Friday, November 7, 2008

Domes


I've been thinking a lot about my hometown. The town I grew up in and spent eighteen years in and visited often for ten years after that. My family has moved away from that town so for me to go back and visit would be a real process. It is a far, far away place now.


One reason I have been thinking of it is because the town I am now residing in reminds me of H'town. There are hills and valleys, there is a downtown with shops and restaurants. There is a dome that shines through the trees as the car coasts to the bottom of the tall hill, bringing you into town. Geographically it feels like home here. But I have yet to feel it in my heart. I wonder how long it takes to feel a place in your heart?

It amazes me how quickly the kids adapt to and adopt their new town. If you ask them where they live, they quickly (butcher) say the name. Yet, there are still mornings I wake up and I have no idea where I am. I know, I know. It has been a hell of a trip for the last five years. Especially this last year. And, in fact, it has been a year almost to the day that the nightmare started.
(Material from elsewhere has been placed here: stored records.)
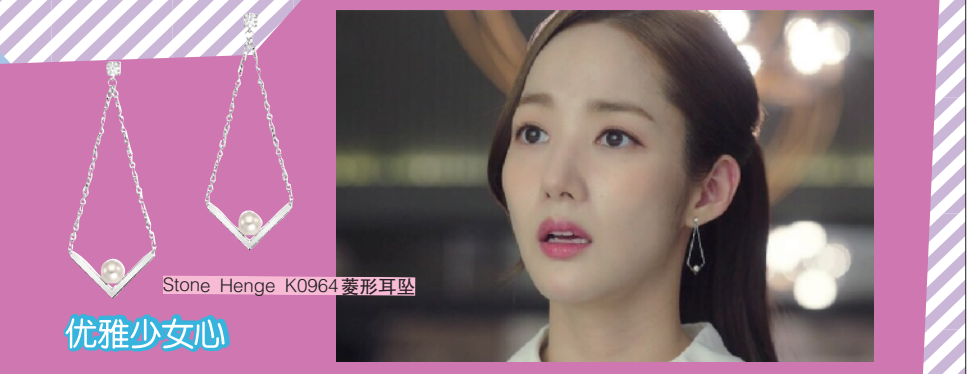
Stone Henge K0964 菱形耳坠 优雅少女心 关键词: 珍珠、贝壳
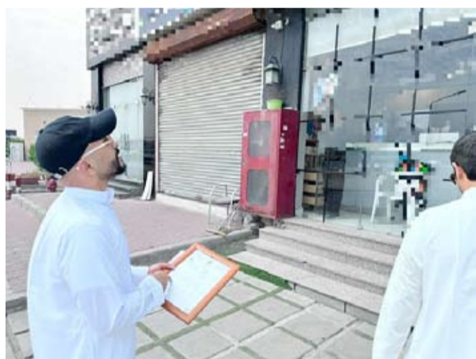
موظفي البلدية يعاينون اعلنا لاحد المحلات
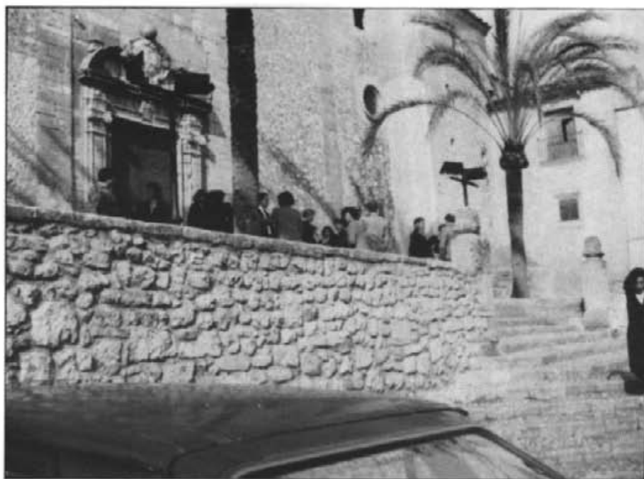
A la sortida de missa, la gent que hi ha anat, gaudeix d'empatar la xerrada i comentar els darrers esdeveniments

I finally summoned the courage a few weeks ago and gave up my last dose of medication. One year ago I was literally begging for a cure, ready to end it all so I could be done with the pain. And now, I am medicine free, pain free and wandering around a town in the middle of nowhere, with no one knowing me or my history. A miracle? I don't know. I don't even understand what happened. I hate to even think about it. Because really, it's only in remission....I think. I guess I will never know until it happens again. I have a stockpile of the meds ready to go, but I have stopped packing them and taking them wherever I go. I think that is a good step. AND I am finally writing about it. Which I have been afraid to do...you know superstition and all. (So don't read any of this out loud lest the Monster 'Neath the Skin hears you)


And so I drive around this new town, I live this new phase. I think about my hometown and hope that my kids have good memories of this new place. I hope these good memories override any memories from the last year-- no one wants their kids to remember that. This new place doesn't smell of chocolate or have brightly lit stars atop mountains at Christmas (shout out to H'town), but I can make it just as a happy place for my kids...Daddy is not at war and Mommy doesn't need brain surgery...so all is good, right?


2 comments:

heather said...

i always tell emily's friends about the chocolate scented town... it sounds like a fairy tell to them!

nice to see you here. ;)

Dawna said...

Not just for the last year, but for the last several years, you've sort of been in limbo, no doubt clinging to the memories of H'town because they were safe and familiar. But now that you are settled in a more permanent home you will soon find that place in your heart. And once you do you'll find, if you get the chance, that going "back home" just isn't quite the same. Trust me, I know. You're building a new life and new memories. They say "you can't go home again", I like to think it's because you're already there.